* **ENTRIES SHOWN**
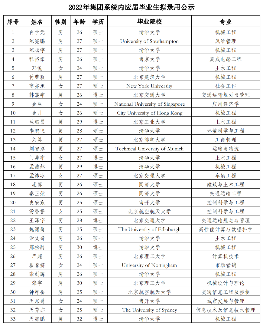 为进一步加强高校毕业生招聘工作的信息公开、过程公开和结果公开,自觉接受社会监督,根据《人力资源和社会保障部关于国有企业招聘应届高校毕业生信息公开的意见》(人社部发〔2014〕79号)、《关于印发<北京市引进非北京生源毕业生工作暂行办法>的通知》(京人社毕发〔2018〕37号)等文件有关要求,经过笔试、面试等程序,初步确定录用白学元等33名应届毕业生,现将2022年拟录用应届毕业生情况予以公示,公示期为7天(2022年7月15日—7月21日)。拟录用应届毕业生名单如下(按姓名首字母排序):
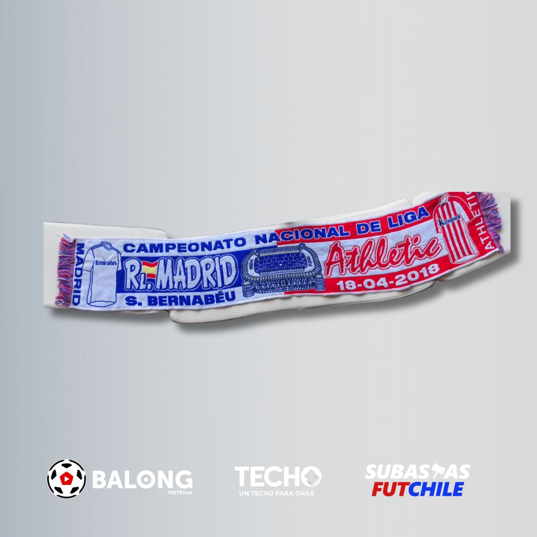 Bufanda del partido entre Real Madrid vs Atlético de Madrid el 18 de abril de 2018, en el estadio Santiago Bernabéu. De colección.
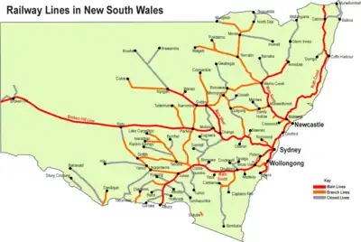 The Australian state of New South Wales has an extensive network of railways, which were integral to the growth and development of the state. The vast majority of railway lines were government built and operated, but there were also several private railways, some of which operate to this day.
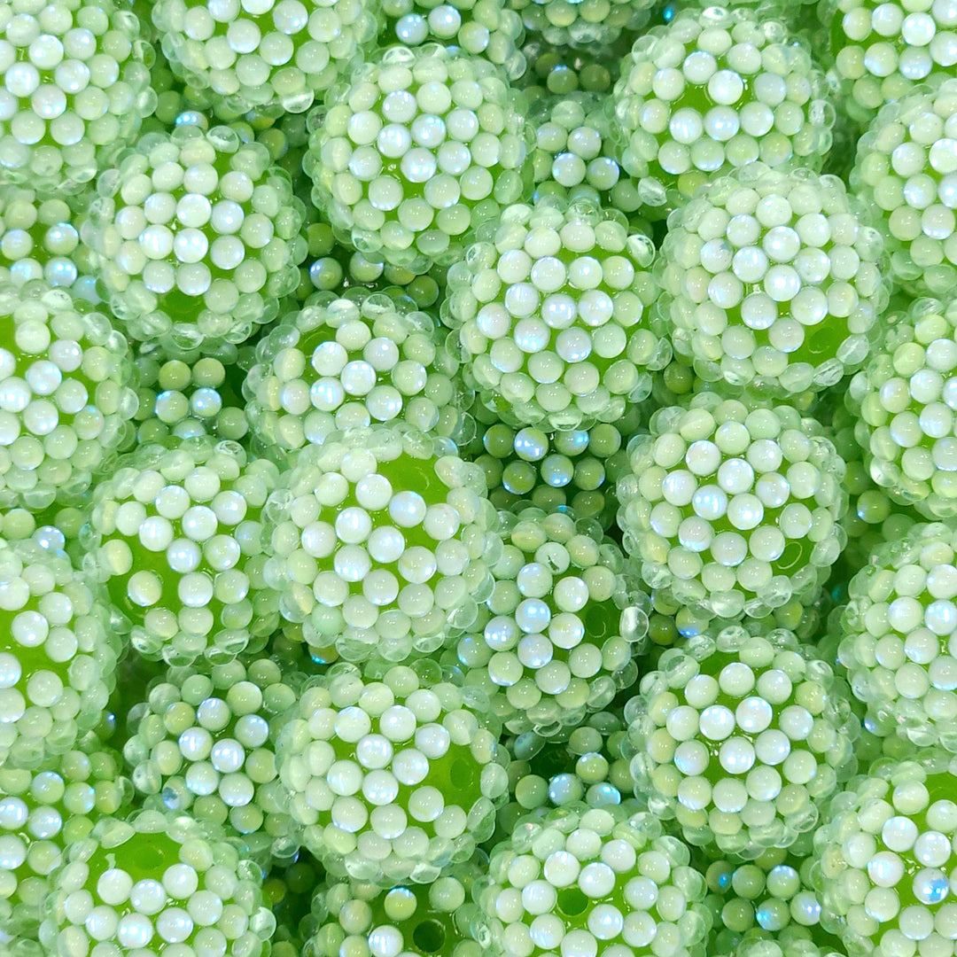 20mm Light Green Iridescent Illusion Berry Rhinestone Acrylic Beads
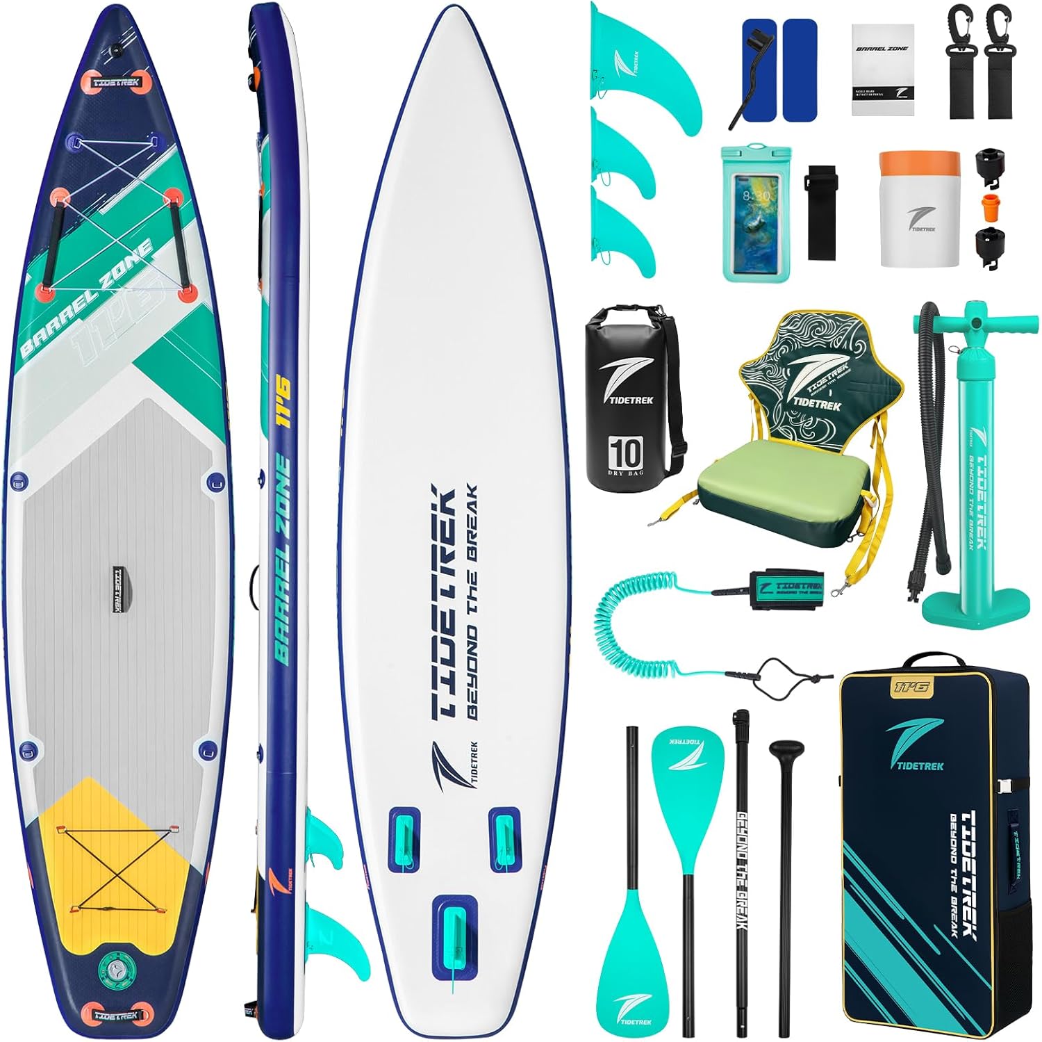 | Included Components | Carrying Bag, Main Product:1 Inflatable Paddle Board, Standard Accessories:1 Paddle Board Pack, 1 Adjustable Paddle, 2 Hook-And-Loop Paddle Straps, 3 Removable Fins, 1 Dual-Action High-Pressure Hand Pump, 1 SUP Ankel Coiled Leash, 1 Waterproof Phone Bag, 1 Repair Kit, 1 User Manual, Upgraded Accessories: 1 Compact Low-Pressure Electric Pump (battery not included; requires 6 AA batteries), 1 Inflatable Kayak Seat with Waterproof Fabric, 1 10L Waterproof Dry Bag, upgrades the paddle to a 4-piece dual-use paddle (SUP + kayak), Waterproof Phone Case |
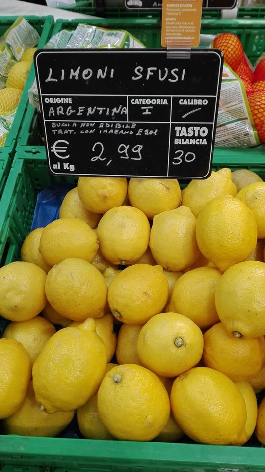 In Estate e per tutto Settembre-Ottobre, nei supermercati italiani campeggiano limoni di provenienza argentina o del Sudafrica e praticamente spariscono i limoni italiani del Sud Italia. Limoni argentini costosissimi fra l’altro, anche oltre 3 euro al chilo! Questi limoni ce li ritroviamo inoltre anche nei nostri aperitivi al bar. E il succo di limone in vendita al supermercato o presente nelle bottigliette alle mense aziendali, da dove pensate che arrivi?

* * *

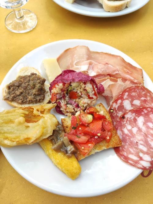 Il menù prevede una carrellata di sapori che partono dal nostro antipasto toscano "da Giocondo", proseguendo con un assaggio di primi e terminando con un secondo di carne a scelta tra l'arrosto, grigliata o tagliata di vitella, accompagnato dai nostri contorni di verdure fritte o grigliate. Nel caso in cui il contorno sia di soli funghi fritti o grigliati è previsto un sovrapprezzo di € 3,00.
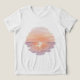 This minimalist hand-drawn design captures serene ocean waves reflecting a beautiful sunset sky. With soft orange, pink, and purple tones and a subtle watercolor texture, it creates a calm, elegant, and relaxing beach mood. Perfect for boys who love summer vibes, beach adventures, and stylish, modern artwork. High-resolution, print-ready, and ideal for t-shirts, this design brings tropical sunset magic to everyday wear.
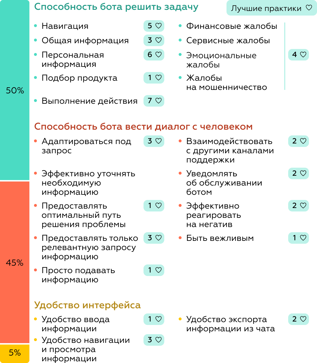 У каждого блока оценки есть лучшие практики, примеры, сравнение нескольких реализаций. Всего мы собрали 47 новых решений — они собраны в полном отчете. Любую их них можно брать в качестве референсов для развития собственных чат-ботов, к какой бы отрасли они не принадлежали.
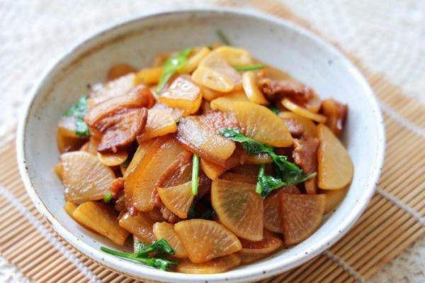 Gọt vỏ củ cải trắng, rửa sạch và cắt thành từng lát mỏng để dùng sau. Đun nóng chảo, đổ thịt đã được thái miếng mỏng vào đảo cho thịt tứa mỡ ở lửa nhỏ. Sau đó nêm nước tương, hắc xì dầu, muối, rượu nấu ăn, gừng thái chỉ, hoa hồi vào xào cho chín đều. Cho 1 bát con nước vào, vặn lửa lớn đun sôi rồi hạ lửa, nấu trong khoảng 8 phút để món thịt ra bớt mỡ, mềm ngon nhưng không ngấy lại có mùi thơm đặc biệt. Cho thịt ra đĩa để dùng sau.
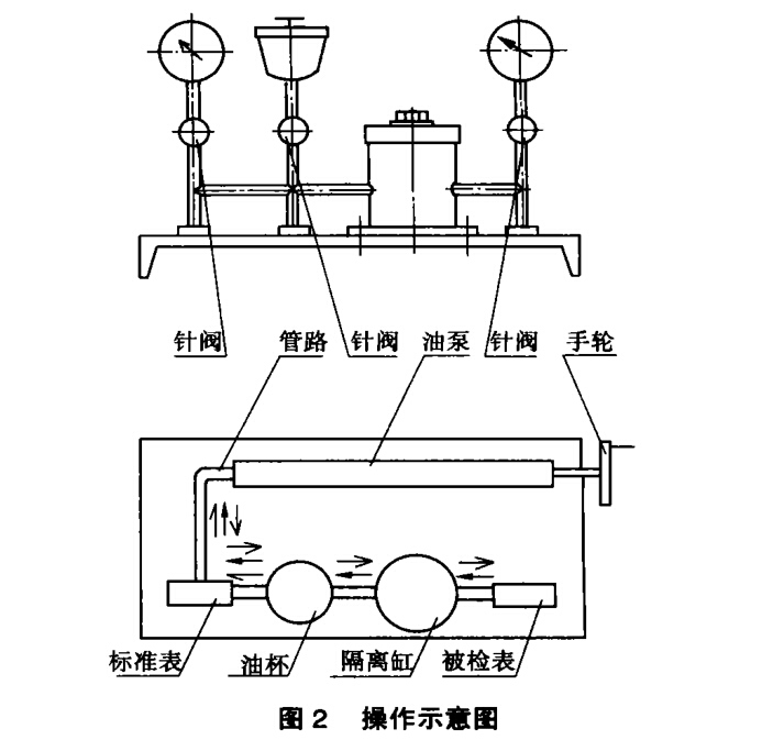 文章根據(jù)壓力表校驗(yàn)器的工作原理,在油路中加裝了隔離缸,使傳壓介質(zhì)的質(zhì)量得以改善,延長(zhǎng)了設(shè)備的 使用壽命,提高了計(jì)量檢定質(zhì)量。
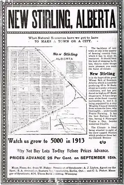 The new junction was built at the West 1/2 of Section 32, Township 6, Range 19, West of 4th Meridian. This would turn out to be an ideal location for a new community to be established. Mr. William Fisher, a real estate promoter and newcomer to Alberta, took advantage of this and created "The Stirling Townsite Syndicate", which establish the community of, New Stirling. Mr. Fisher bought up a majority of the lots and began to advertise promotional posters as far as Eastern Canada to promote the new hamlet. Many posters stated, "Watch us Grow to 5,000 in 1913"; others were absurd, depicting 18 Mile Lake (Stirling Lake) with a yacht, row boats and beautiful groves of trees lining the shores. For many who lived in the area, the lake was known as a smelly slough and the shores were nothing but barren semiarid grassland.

* **WORK INSTRUCTIONS**
The lines to copy exactly start with the line above that has "为进一步加强高校毕业生招聘工" and go on through the line that has "In Estate e"; please include both, add nothing else, and omit the pictures.

* **RESPONSE TO THE EXERCISE**
 为进一步加强高校毕业生招聘工作的信息公开、过程公开和结果公开,自觉接受社会监督,根据《人力资源和社会保障部关于国有企业招聘应届高校毕业生信息公开的意见》(人社部发〔2014〕79号)、《关于印发<北京市引进非北京生源毕业生工作暂行办法>的通知》(京人社毕发〔2018〕37号)等文件有关要求,经过笔试、面试等程序,初步确定录用白学元等33名应届毕业生,现将2022年拟录用应届毕业生情况予以公示,公示期为7天(2022年7月15日—7月21日)。拟录用应届毕业生名单如下(按姓名首字母排序):
 Bufanda del partido entre Real Madrid vs Atlético de Madrid el 18 de abril de 2018, en el estadio Santiago Bernabéu. De colección.
 The Australian state of New South Wales has an extensive network of railways, which were integral to the growth and development of the state. The vast majority of railway lines were government built and operated, but there were also several private railways, some of which operate to this day.
 20mm Light Green Iridescent Illusion Berry Rhinestone Acrylic Beads
 | Included Components | Carrying Bag, Main Product:1 Inflatable Paddle Board, Standard Accessories:1 Paddle Board Pack, 1 Adjustable Paddle, 2 Hook-And-Loop Paddle Straps, 3 Removable Fins, 1 Dual-Action High-Pressure Hand Pump, 1 SUP Ankel Coiled Leash, 1 Waterproof Phone Bag, 1 Repair Kit, 1 User Manual, Upgraded Accessories: 1 Compact Low-Pressure Electric Pump (battery not included; requires 6 AA batteries), 1 Inflatable Kayak Seat with Waterproof Fabric, 1 10L Waterproof Dry Bag, upgrades the paddle to a 4-piece dual-use paddle (SUP + kayak), Waterproof Phone Case |
 In Estate e per tutto Settembre-Ottobre, nei supermercati italiani campeggiano limoni di provenienza argentina o del Sudafrica e praticamente spariscono i limoni italiani del Sud Italia. Limoni argentini costosissimi fra l’altro, anche oltre 3 euro al chilo! Questi limoni ce li ritroviamo inoltre anche nei nostri aperitivi al bar. E il succo di limone in vendita al supermercato o presente nelle bottigliette alle mense aziendali, da dove pensate che arrivi?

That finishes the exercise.